Exercise aim:
Extract only the lines from the start of the entries below to the line with "Un hummus dulce", inclusive; omit every picture.

Available data:
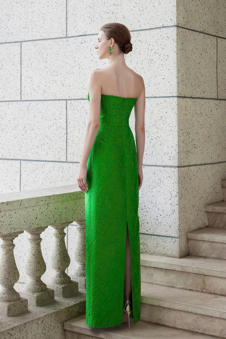 Visage Strapless Straight Across Neck Jacquard Floor Length Dress
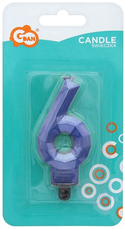 Świeczka urodzinowa Cyfra 6 Diament metalik niebieski, GoDan
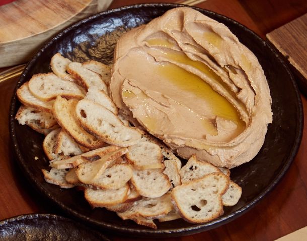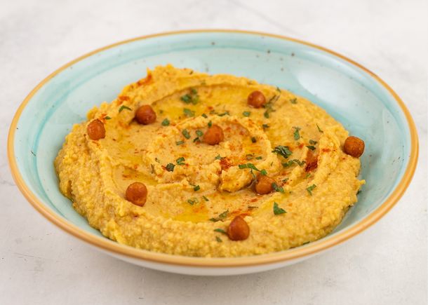 Un hummus dulce y untuoso elaborado con garbanzos y boniato asado, por el equipo de cocina de Behind Bar
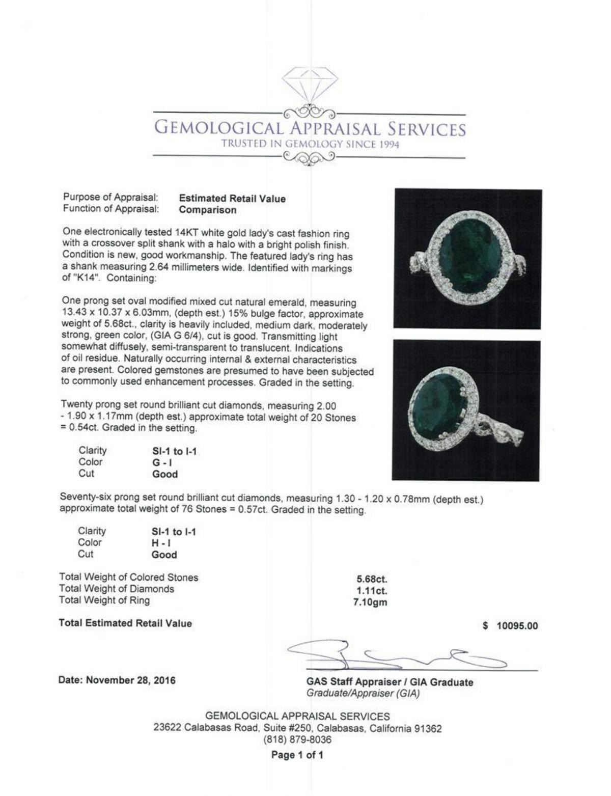 One electronically tested 14KT white gold lady's cast fashion ring with a crossover split shank with a halo with a bright polish finish. The featured lady's ring has a shank measuring 2.64 millimeters wide. Identified with markings of 'K14'. Condition is new, good workmanship. Containing: One prong set oval modified mixed cut natural emerald, measuring 13.43 x 10.37 x 6.03mm, (depth est.) 15%. bulge factor, approximate weight of 5.68ct., clarity is heavily included, medium dark, moderately strong, green color, (GIA G 6/4), cut is good. Transmitting light somewhat diffusely, semi-transparent to translucent. Indications of oil residue. Naturally occurring internal & external characteristics are present. Colored gemstones are presumed to have been subjected to commonly used enhancement processes. Graded in the setting. Twenty prong set round brilliant cut diamonds, measuring 2.00 - 1.90 x 1.17mm (depth est.) approximate total weight of 20 Stones = 0.54ct. Graded in the setting. Clarity SI-1 to I-1. Color: G - I Cut Good Seventy-Six prong set round brilliant cut diamonds, measuring 1.30 - 1.20 x 0.78mm (depth est.) approximate total weight of 76 Stones = 0.57ct. Graded in the setting. Clarity SI-1 to I-1. Color: H - I Cut Good. Total Weight of Colored Stones 5.68ct.. Total Weight of Diamonds 1.11ct.. Total Weight of Ring 7.10gm. GAS Appraised.
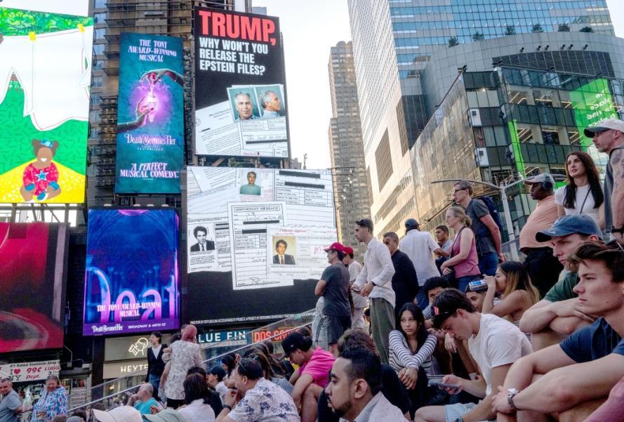 圖為當?shù)貢r間7月23日,美國紐約時報廣場廣告牌呼吁公開愛潑斯坦案所有文件。 CFP供圖

Answer section:
 Visage Strapless Straight Across Neck Jacquard Floor Length Dress
 Świeczka urodzinowa Cyfra 6 Diament metalik niebieski, GoDan
 Un hummus dulce y untuoso elaborado con garbanzos y boniato asado, por el equipo de cocina de Behind Bar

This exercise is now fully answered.